Analyses a single calibration WAV (48kHz mono) and writes a one-timbre preset to <out-dir>:

<out-dir>/voicepreset.json
<out-dir>/assets/<timbre>_harmonics_mag.f32
<out-dir>/assets/<timbre>_envelope_db.f32
<out-dir>/assets/<timbre>_noise_db.f32
<out-dir>/assets/freq_axis_hz.f32

Example

npx tsx src/cli/analyze.ts calib/AH.wav presets/my-voice AH

JSON output (--json) — { ok: true, presetDir, manifestPath, timbres: [name] } or { ok: false, code, message }.

`build-preset`

npx tsx src/cli/build-preset.ts --out <preset-dir> <wav:timbre> [<wav:timbre> ...] [--json]

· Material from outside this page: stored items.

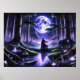 Un chica solitario se alza bajo una luna brillante, rodeado por un bosque brillante y un arroyo plateado. El aura mágica se amplifica con cristales brillantes y una luz de las estrellas brillantes en su vestido flotante.
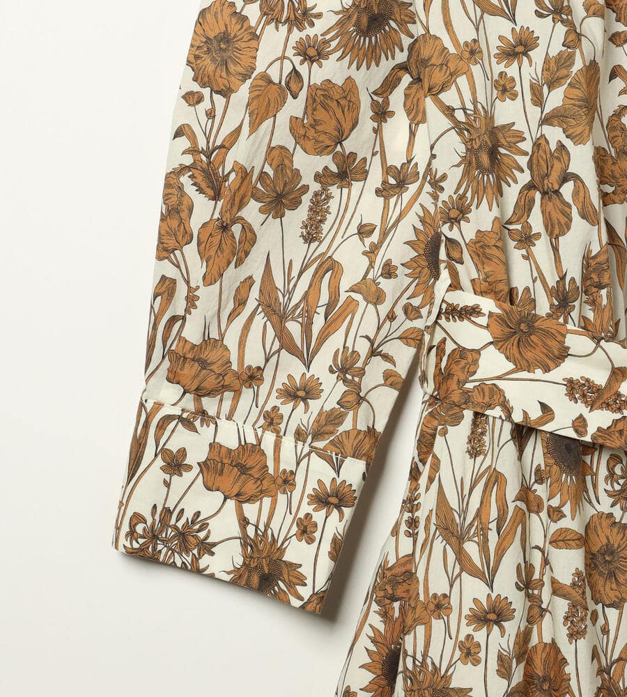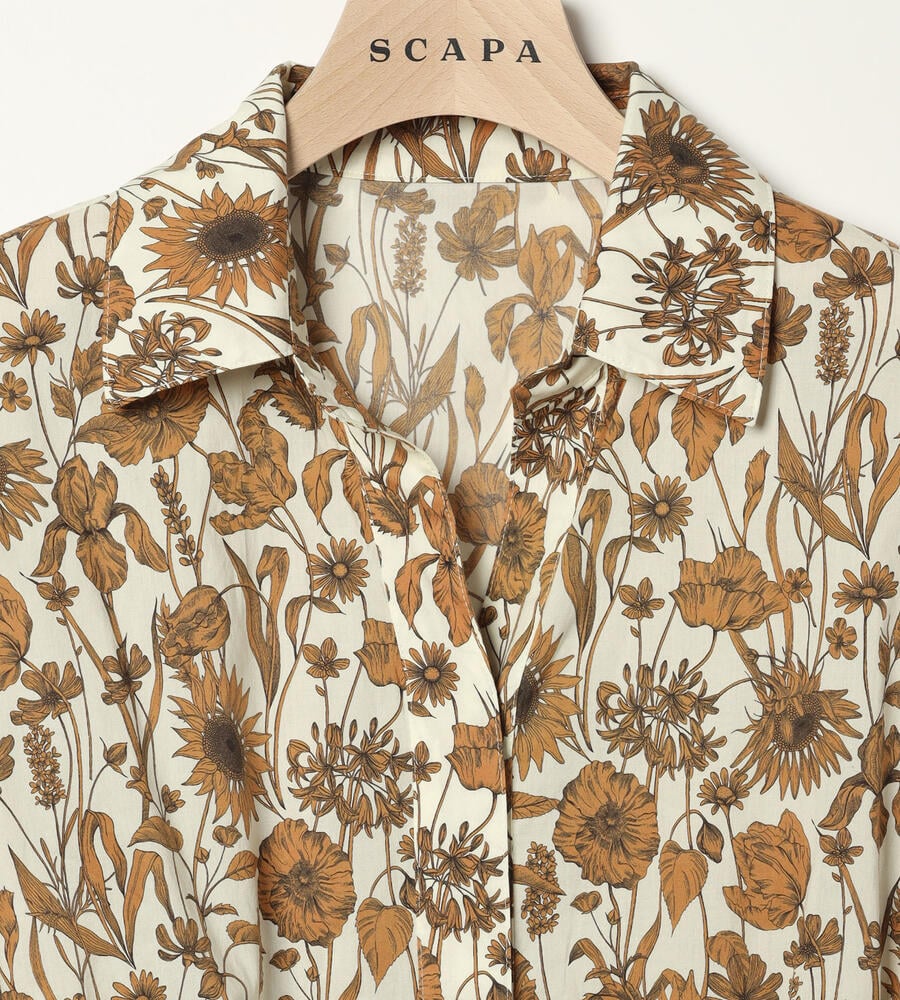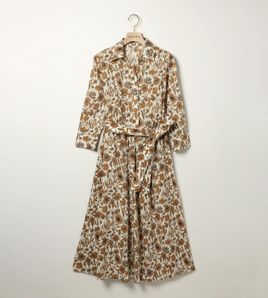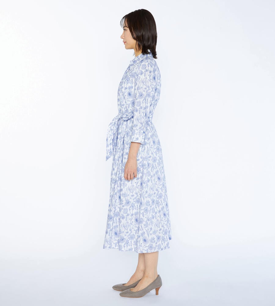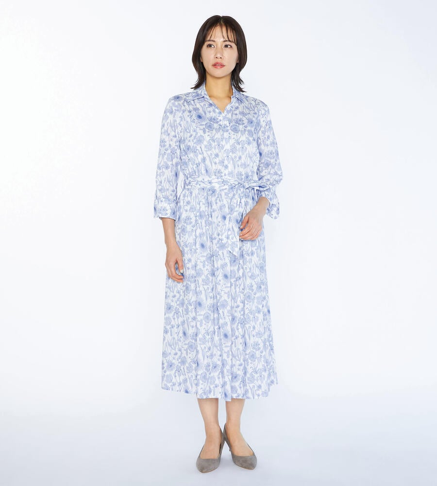 デザイン性の高いプリントで有名なロンドンのリバティ社のリバティプリントワンピース。繊細なタッチのボタニカルフラワープリントが華やかなデザイン。エレガントな膝下ミモレ丈。ウエスト位置に同布のウエストリボンのアクセントでメリハリあるシルエットで着こなせます。おしゃれなお出かけコーディネートが一枚で完成するアイテムです。
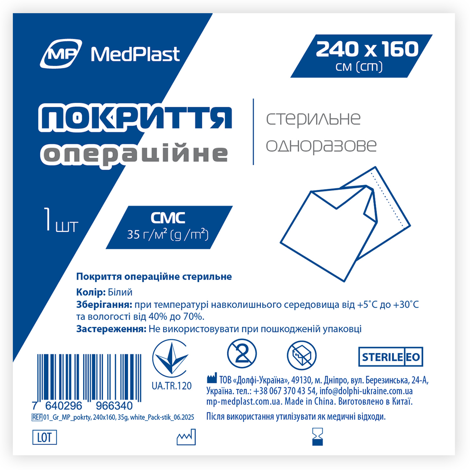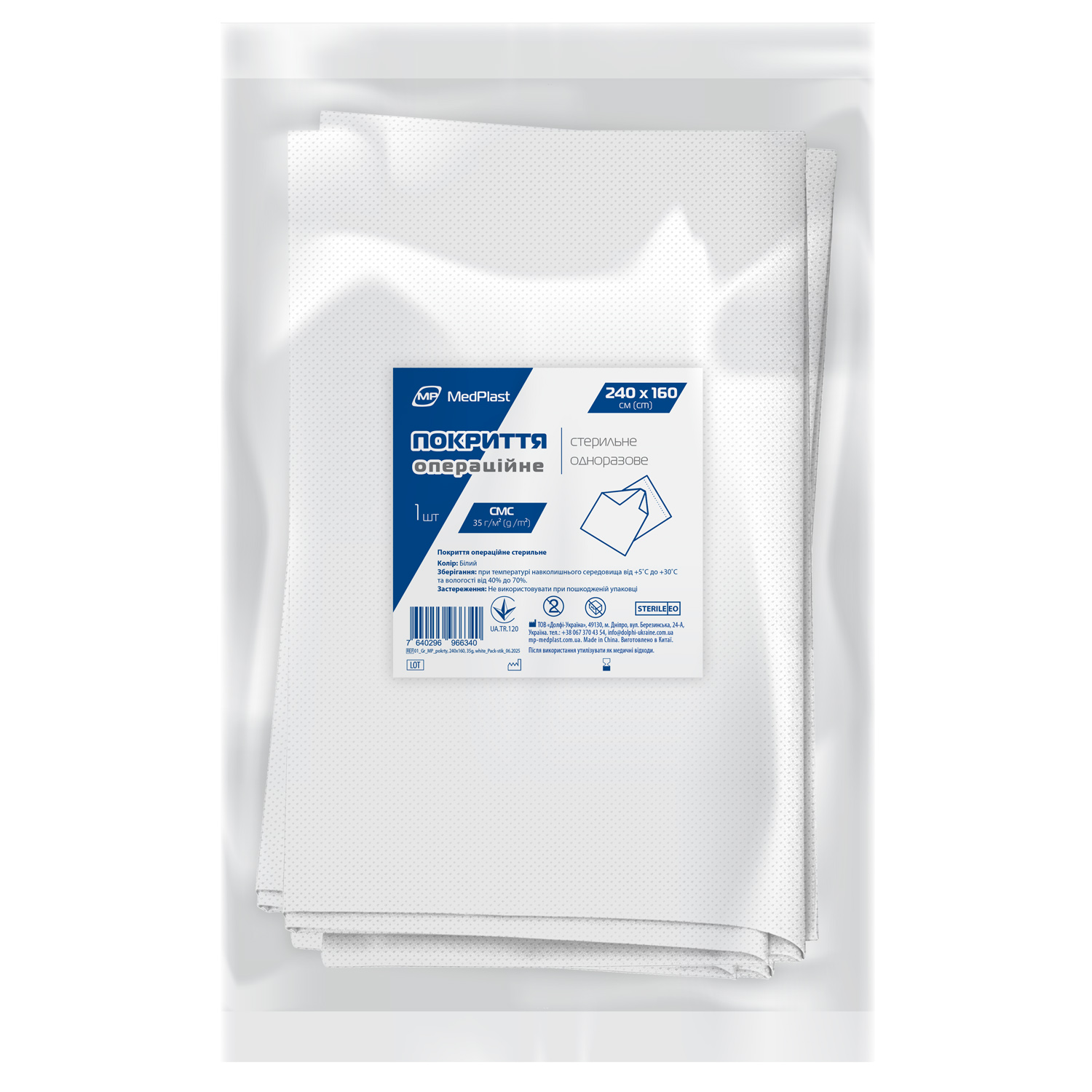 Покриття операційне стерильне MP MedPlast 240 см*160 см, СМС 35 г/м², білий
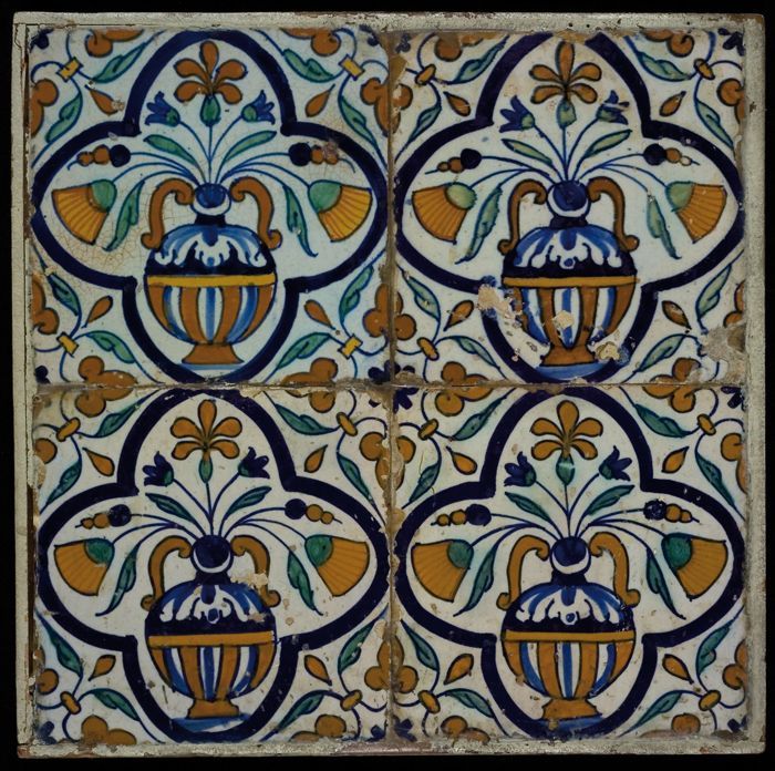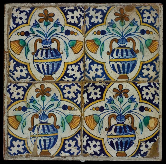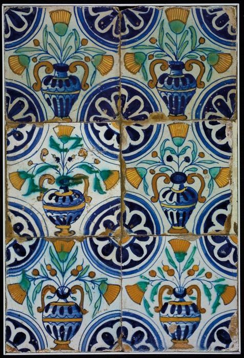Tegelveld van zes bloempotten, hoekmotief kwartrozet...
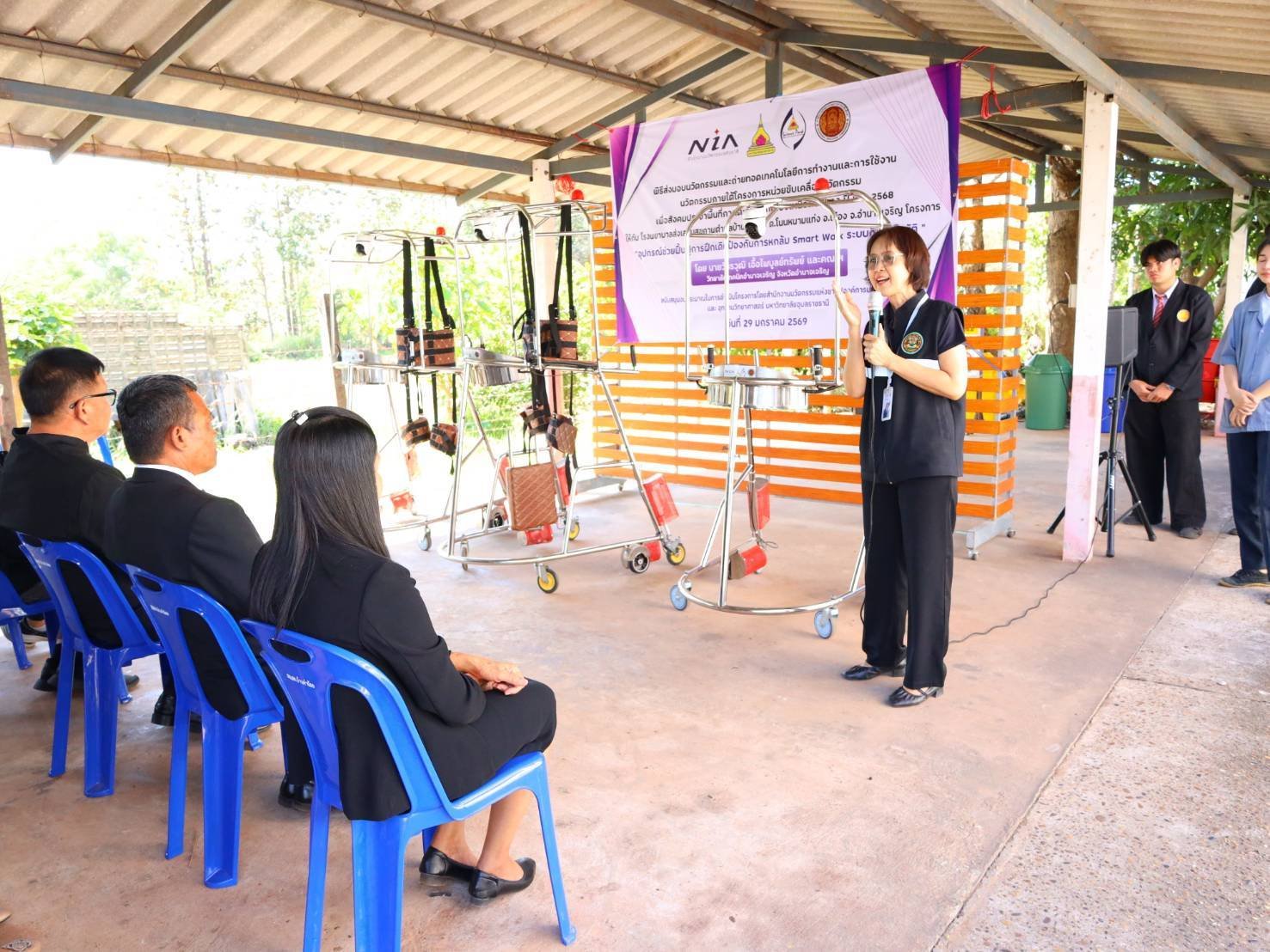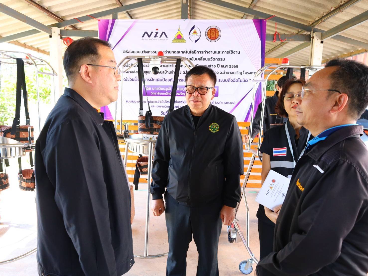 โครงการรับมอบอุปกรณ์ช่วยฟื้นฟูการฝึกเดินป้องกันการหกล้ม Smart Walk ระบบกึ่งอัตโนมัติ โดย นายวัชรวุฒิ เอื้อไพบูลย์ทรัพย์ และคณะวิทยาลัยเทคนิคอำนาจเจริญ จังหวัดอำนาจเจริญ สนับสนุนงบประมาณในการดำเนินโครงการโดยสำนักงานนวัตกรรมแห่งชาติ (องค์การมหาชน)และ อุทยานวิทยาศาสตร์ มหาวิทยาลัยอุบลราชธานี ณ โรงพยาบาลส่งเสริมสุขภาพตำบลบ้านคำน้อย ต.โนนหนามแท่ง อ.เมือง อำนาจเจริญ จ.อำนาจเจริญ
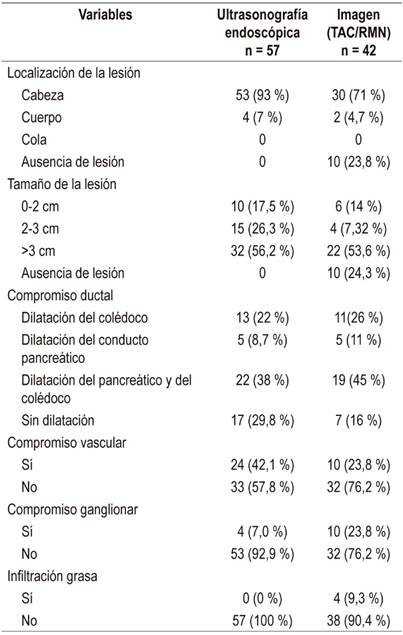 De acuerdo con los hallazgos reportados en la USE, la mayoría de las lesiones tenían un tamaño >3 cm (59 %), con una mayor frecuencia de localización en la cabeza del páncreas (93 %). Un porcentaje significativo de los pacientes tuvieron un compromiso del colédoco y del conducto pancreático de forma simultánea, tanto en la USE como en la imagen radiológica (38 y 45 %, respectivamente).

Same shape as analyze but accepts multiple <wav>:<timbre> positional pairs to build a multi-timbre preset in a single pass. Splits on the LAST colon, so Windows drive letters (F:/calib/AH.wav:AH) work.

Example

npx tsx src/cli/build-preset.ts --out presets/my-voice \
  calib/AH.wav:AH calib/EE.wav:EE calib/OO.wav:OO

`compare`

npx tsx src/cli/compare.ts <ref.wav> <test.wav> [--json]

Compares two WAVs sample-by-sample. Returns peak dBFS for each file, RMS, max absolute delta, and a verdict (identical / close / different). Used in regression tests to detect synth drift.

Example

npx tsx src/cli/compare.ts golden/song.wav out.wav --json

JSON output — { ok, peakA, peakB, rmsA, rmsB, maxAbsDelta, verdict }.

`gen-vowel-wav`

npx tsx src/cli/gen-vowel-wav.ts [<out-dir>]

Generates AH.wav, EE.wav, OO.wav calibration files (3 s each, 48 kHz mono, A3 = 220 Hz, peak −3 dBFS, 10 ms fade in/out). Defaults to writing into calib/.

Example

npx tsx src/cli/gen-vowel-wav.ts calib/my-voice

`inspect`

npx tsx src/cli/inspect.ts <path-to-voicepreset.json> [--json]

Prints the manifest header of a voice preset (name, formatVersion, default timbre, pitch range, list of timbres). Useful for verifying a freshly-built preset.

npm script

npm run inspect -- presets/default-voice/voicepreset.json

JSON output — { ok, manifest: { id, name, formatVersion, defaultTimbre, pitchRangeMidi, timbres: [...] } }.

`play-score`

npx tsx src/cli/play-score.ts <preset.json> <score.json> <out.wav> [--json]

The canonical “offline render” tool. Loads a preset + a VocalScore (see Score Format) and writes a WAV. Deterministic given the same inputs + seed.

Example

npx tsx src/cli/play-score.ts \
  presets/kokoro-am-michael/voicepreset.json \
  examples/lullaby.json \
  out/lullaby.wav

JSON output — { ok, wavPath, durationSec, telemetry: { peakDbfs, voicesMax, rtf, ... }, provenance: { ... } }.

`realtime-demo`

npx tsx src/cli/realtime-demo.ts <preset.json> <score.json>

Architecture demo only. Spawns a worker_threads audio thread, renders blocks (blockSize=512) with deterministic="fast" + Date.now() seed, and prints per-10-block RTF telemetry. After 1 s the control thread posts an update_score message to demonstrate cross-thread live edits. No real audio device — for deterministic offline renders use play-score.

`resynth`

npx tsx src/cli/resynth.ts <preset.json> <out.wav> <f0> <duration_sec> [timbre]

Standalone single-tone renderer. Plays one steady additive-synthesis tone at <f0> Hz for <duration_sec> seconds using the named timbre (or the preset’s default). Bypasses the streaming engine — useful for spot-checking a single timbre after build-preset.

Example

npx tsx src/cli/resynth.ts presets/default-voice/voicepreset.json out.wav 220 2.0 AH

Common conventions

--json — every CLI emits exactly one line of JSON to stdout. Errors emit { ok: false, code, message, hint? }. Use this in scripts; do not screen-scrape the human banner.
-h, --help — full usage block to stderr; exit code 0.
Exit code — 0 on success, non-zero on any error. The non-zero code is the same value across all CLIs so shells can rely on if ! npx tsx … ; then chains.

Planned

The following CLIs are scoped for the next release:

vse-score-from-midi — convert a .mid file to a VocalScore JSON.
vse-phonemize — wrap the /api/phonemize G2P pipeline in a CLI for offline workflows.

Both will follow the conventions above (--json, -h, --help, deterministic exit codes). Watch the CHANGELOG.